Marriage can be a beautiful union between people, yet it isn’t without its share of arguments and conflicts. Even the strongest couples face disagreements, but the key is to tackle these situations without allowing them to hurt the foundation of your relationship.
A faith-based approach to handling conflicts doesn’t mean you ignore immediate, practical help, such as an anger management class or therapy sessions. However, it also doesn’t mean that you forget the insights and wisdom that faith and spirituality provide.
In this article, let’s explore how you can handle conflicts in a manner that is befitting those who live by faith and feel spiritually led.
If you’re a practicing Christian and read the Bible often, you might have come across Ephesians 4:26. There’s a lot that you can take away from this passage, which goes, “In your anger do not sin.” The verse also goes on to tell us how we shouldn't let the sun go down while we’re still angry.
Pastor Jeffery Curtis Poor provides additional context on this verse, which can help you shift your perspective during heated arguments with your partner. He points out that the passage isn’t telling us to “never get angry.” Instead, it advises that when you do get angry, do not sin.
Pastor Poor explains that we sin not for being angry, but when we let our anger control us. As such, our calling is to not let anger hurt those around us. Similarly, he highlights the danger of letting anger remain unresolved, as that can cause bitterness that hurts your relationship.
Even the ISAE (Institute for Specialized Alternative Education), the organization that offers court-mandated lessons, holds similar beliefs. One of the prime objectives of their anger management classes is to help teach people how to “let go of anger.” A lot of problems can disappear when you realize that it’s you who chooses how to allow your emotions to control your actions and words.
Clear and compassionate communication is the cornerstone of resolving conflicts in any marriage, and it becomes even more meaningful when rooted in faith. Scripture reminds us in James 1:19 to “be quick to listen, slow to speak, and slow to anger.”

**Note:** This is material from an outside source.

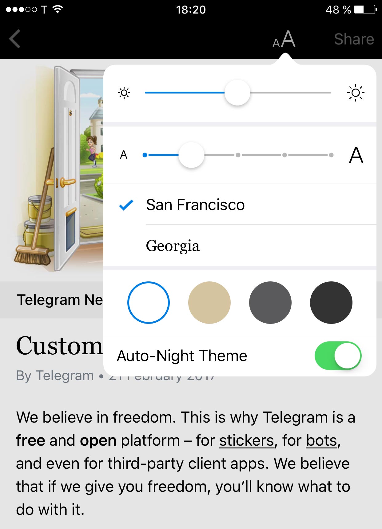 Rejoice, brethren and sistren, the day has come! Instant View is now ready to support thousands of websites, including your favorite ones. Soon you will no longer need to launch a web browser to view any article shared with you on Telegram, because today we are launching the Instant View Platform.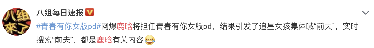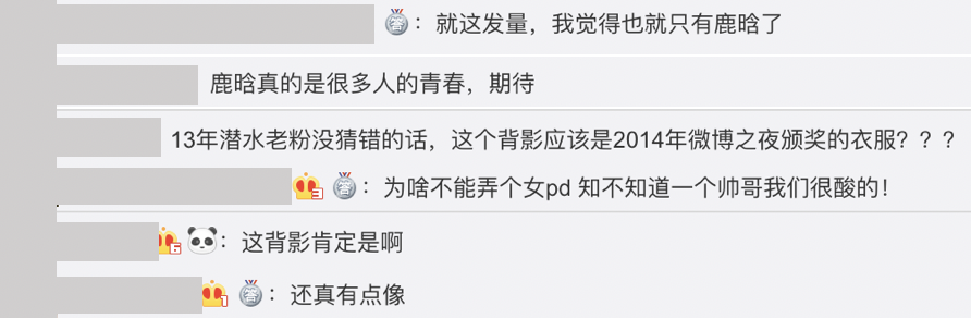 昨日晚間多位知名娛樂博主爆出一張《青春有你》女生版PD的背影照,該張海報中更寫下:「誰是青春製作人代表」,其中該背影照也被網友翻出很像鹿晗的背影,該名博主更寫下:「引發了追星女孩集體喊『前夫』,實時搜索『前夫』,都是鹿晗有關內容」,然而網友對於此爆料消息紛紛留言:「為啥不能弄個女pd」、「13年潛水老粉沒猜錯的話,這個背影應該是2014年微博之夜頒獎的衣服???」、「鹿晗真的是很多人的青春,期待」、「就這發量,我覺得也就只有鹿晗了」

Unfortunately, many people choose to engage in patterns of communication that only hurt the marriage. According to Dr. John Gottman, a relationship expert and therapist, there are four argument styles that increase conflict and can even lead to divorce. These include arguments arising from criticism, defensiveness, contempt, and stonewalling.
Similarly, one of the most common pitfalls during arguments is that each party listens with the intent to reply, rather than to understand the other truly.

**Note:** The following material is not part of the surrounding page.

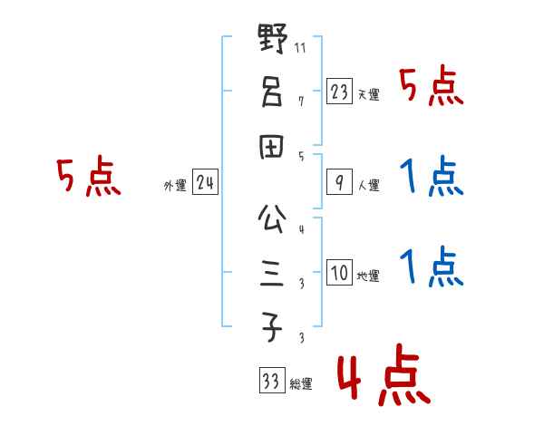 外運![]() | 野呂田公三子さんの外運は24画の5つ星!家庭運が良く順調な人生。金運にも恵まれる。 生活面を象徴する運勢です。外部から受ける影響力を表し、結婚運、家庭運や職場、環境への順応性を表します。 |

Here’s how you can practice active listening:
Communicating with love often relies on having the basic courtesy to really listen to your partner. So, the next time you are trying to argue with your partner, slow down and listen to how you speak. Are you choosing your words to hurt or to heal? Take the initiative and be the first one to try focusing on the latter, and your partner will notice the difference.
There’s this narrative in modern society that marriages have a 50/50 chance of succeeding, but this may not be the entire truth. Social researcher and author Shaunti Feldhahn believes the divorce rate is actually much lower than people believe. Feldhahn spent eight years going over the data and found that this was a complex subject with no single correct figure.

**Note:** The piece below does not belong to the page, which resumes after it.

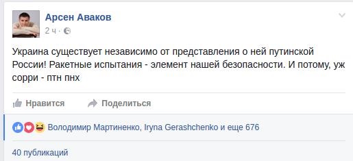 За словами глави МВС Арсена Авакова, ракетні навчання є елементом безпеки України.

However, what she did find was that for couples active in church, the divorce rate was about 27% to 50% lower than for non-churchgoing couples. The main point here is to not adopt a doom-and-gloom mindset in your marriage.
When difficulties arise, it’s important to remember the vows you made before God. Marriage is a covenant, not a contract. Thus, it’s a promise to remain faithful, even when times get tough. Moreover, in addition to keeping faith in the concept of marriage, also put some faith in your partner.
That means believing and trusting that your spouse is capable of growth and that both of you can overcome challenges together. Read 1 Corinthians 13:7 and note how it tells us that, “Love bears all things”; similarly, it “endures all things.’ When you have faith in each other, you allow love to carry the weight of the conflict. Love overcomes all things, so allow its power to work wonders in your marriage.
The biggest conflict in marriage often stems from communication issues. Misunderstandings, unspoken expectations, or ineffective listening can escalate minor disagreements into larger problems. Other common sources include financial strain, differing parenting styles, or unmet emotional needs. You will often find that open dialogue and empathy are key to resolving and preventing these conflicts.
Many couples find the first 5 years challenging due to adjusting to living together, managing finances, or navigating shared responsibilities. Another difficult period can be around the 7-10 year mark. This is often linked to career stress or raising children. Focusing on teamwork and mutual support helps overcome these hurdles.
Yes, it is normal. Arguments are a natural part of any close relationship and can help address differences. Healthy arguments, when respectful and constructive, strengthen a marriage by improving understanding and resolving issues. The key is maintaining kindness and avoiding patterns of blame or defensiveness.
At the end of it all, it’s wise to remember that your partner doesn’t enjoy conflicts and arguing–nobody does. We all have a desire to live in harmony, and the sooner you can focus on that goal, the sooner you resolve problems. Sometimes, you may have to consider professional help, especially if conflicts keep getting out of hand. However, don’t forget to bring the lessons you learn from faith into your marriage.